После того, как я женился, я ожидал, что будут проблемы, с которыми мне придется справляться, например, как удержать моего партнера от того, чтобы взять все покрывала или кто будет чистить туалет. Однако я не ожидал, что почувствую такое давление, связанное с продолжением рода. Эта странность началась с того, что мой почтовый ящик приносил мне огромное количество вины в виде рекламы детских товаров. Видимо, моим очевидным следующим шагом после того, как я стал замужней дамой, было немедленное забеременеть. Меня раздражало, когда я запихивала детские купоны, рекламу и журналы в мусорную корзину.
— Ты только что женился, да? Когда ты забеременеешь?» — взволнованно спросила моя соседка, пока я тащил свой мусор к обочине.
Моя верхняя губа покрылась потом. Я улыбнулась и дала свой стандартный «нерешительный» ответ. Если раньше этот вопрос мог вызвать у меня чувство неуверенности, то теперь он вызывал глубокое сопротивление. Я хотел иметь свободу делать свой собственный выбор, когда дело дошло до создания семьи, но все эти ожидания заставляли меня чувствовать себя в ловушке одного образа мыслей — всех остальных. Давление на меня усилилось, чтобы я вступила в предполагаемую женскую роль мамы, и это вызвало во мне тихий бунт.

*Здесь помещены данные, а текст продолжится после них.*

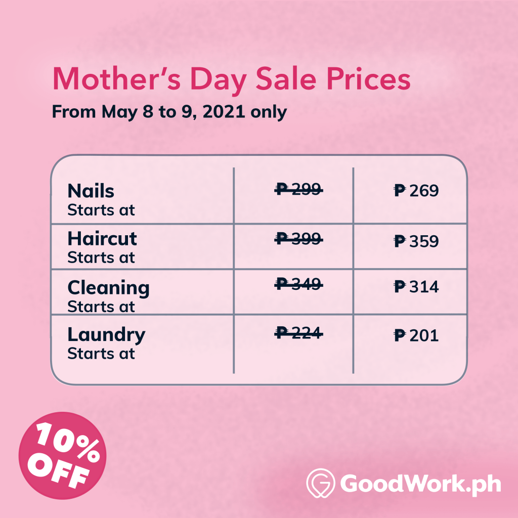 Get 10% off all Hair, Nails, Laundry, and Cleaning services on the GoodWork app when you book this Mother’s Day weekend!

Хотя бунтарство никогда не было для меня настоящим испытанием (я даже никогда не делала заметки в классе), мой личный бунт против материнства длился 8 лет моего брака. Мне нужно было пространство, чтобы обработать то, что я действительно хотел. Младенцы никогда не переставали меня нервировать, но когда мои близкие друзья стали мамами, я почувствовала нечто большее, чем пот на ладонях. Я был очарован глубокой любовью и связью, которую они разделяли со своими детьми.
— Ты хочешь подержать ее? — спросил мой лучший друг.
«Я в порядке, — начал я, — мне нравится смотреть, как ты держишь своего ребенка». И это была правда. У меня кружилась голова не от ребенка, а от любви, которую мои подруги-матери разделили со своим ребенком.
Это заняло некоторое время, но я много работал, чтобы заставить замолчать все эти посторонние голоса и мнения, чтобы я мог решить, чего я действительно хочу. Открытие моего дневника и множество разговоров с мужем помогли этому процессу. И вот однажды на обеих наших страницах было написано: Решил. Мы почувствовали побуждение создать семью.
Придя к материнству на своих собственных условиях, а не потому, что общество или моя ближайшая соседка ожидали этого от меня, открылось мое сердце для такой возможности. То, что я стала матерью для моего сына, углубило мои эмоции положительными способами, которые я все еще переживаю. И когда я смотрю на своего ребенка, я без сомнения понимаю, что быть его мамой было лучшим выбором, который я когда-либо делала. Как оказалось, к материнству меня звали не яичники, а сердце.